_ACTIVITY_. The material below should be copied line for line, please, with pictures omitted.

_SOURCE MATERIAL_.
==*==

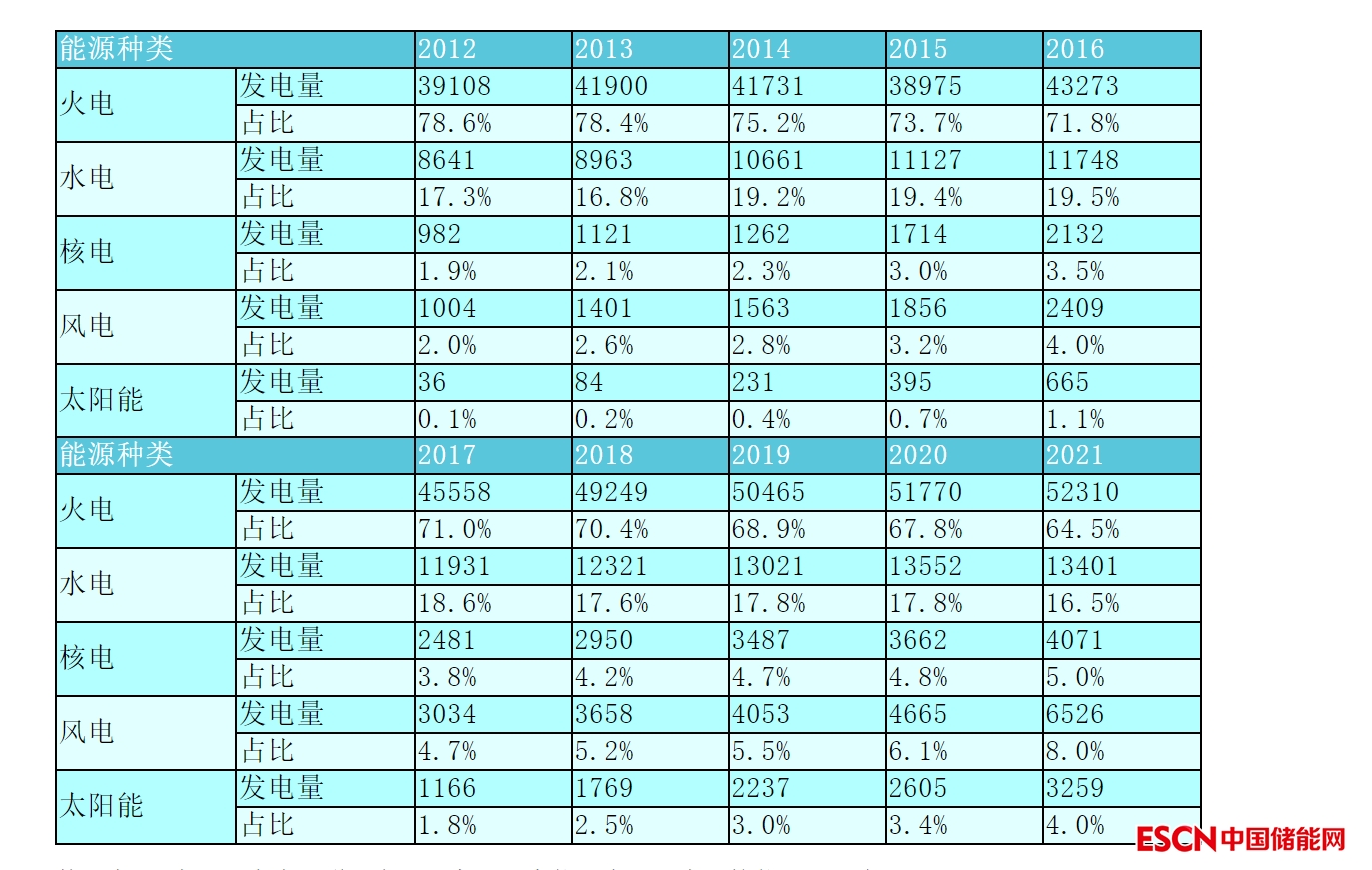 表1 2012-2021年我國能源發(fā)電量與占比 單位:億千瓦時
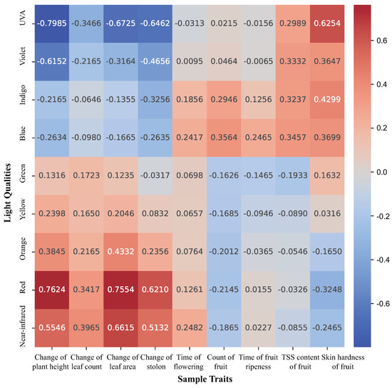 We analyzed the correlation between the collected large-scale trait data and light quality and plotted the correlation coefficients in a heat map as shown in Figure 1.
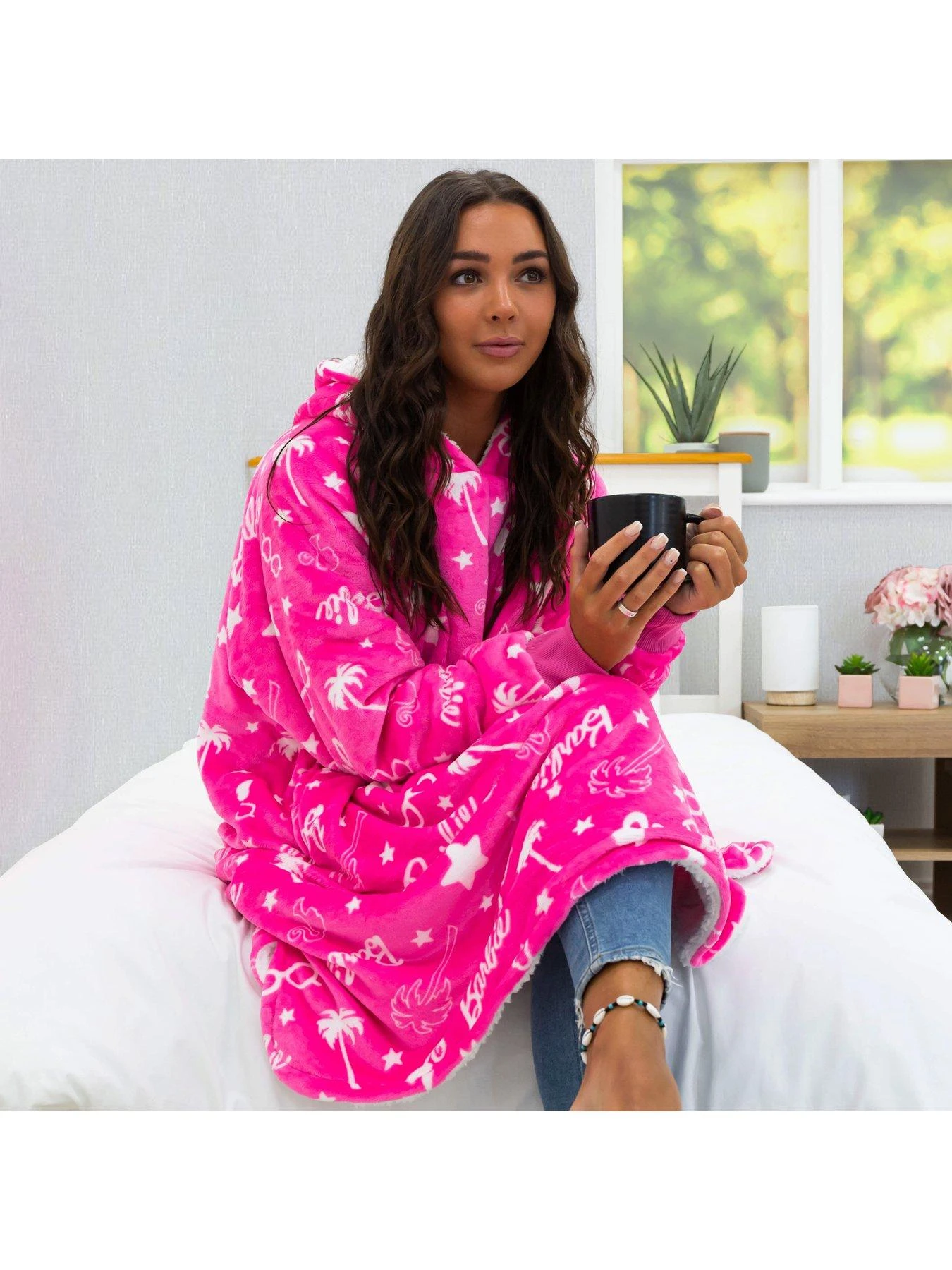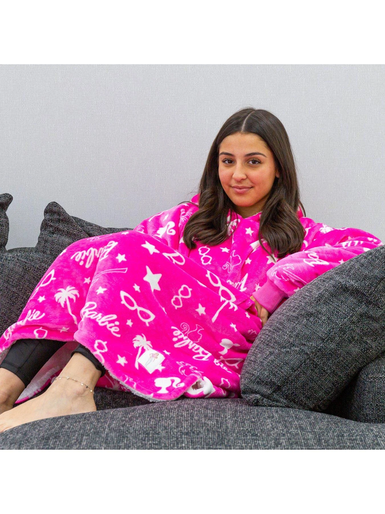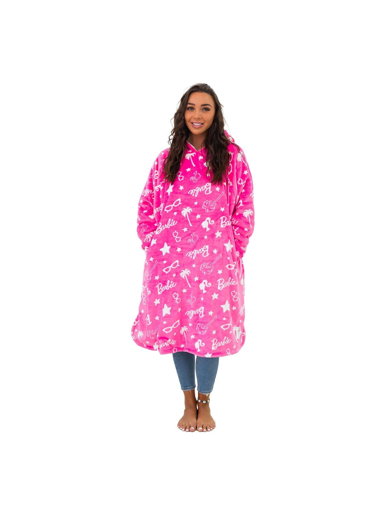 In bright pink, the fab design features palm tree and star graphics in white, along with the iconic Barbie logo all over. The oversized design stretches down past the wearerās knees, making it perfect for cosy and warm whether theyāre watching TV, relaxing on the sofa or simply having a sneaky afternoon nap.

==*==

_EXPECTED ANSWER_.
 表1 2012-2021年我國能源發(fā)電量與占比 單位:億千瓦時
 We analyzed the correlation between the collected large-scale trait data and light quality and plotted the correlation coefficients in a heat map as shown in Figure 1.
 In bright pink, the fab design features palm tree and star graphics in white, along with the iconic Barbie logo all over. The oversized design stretches down past the wearerās knees, making it perfect for cosy and warm whether theyāre watching TV, relaxing on the sofa or simply having a sneaky afternoon nap.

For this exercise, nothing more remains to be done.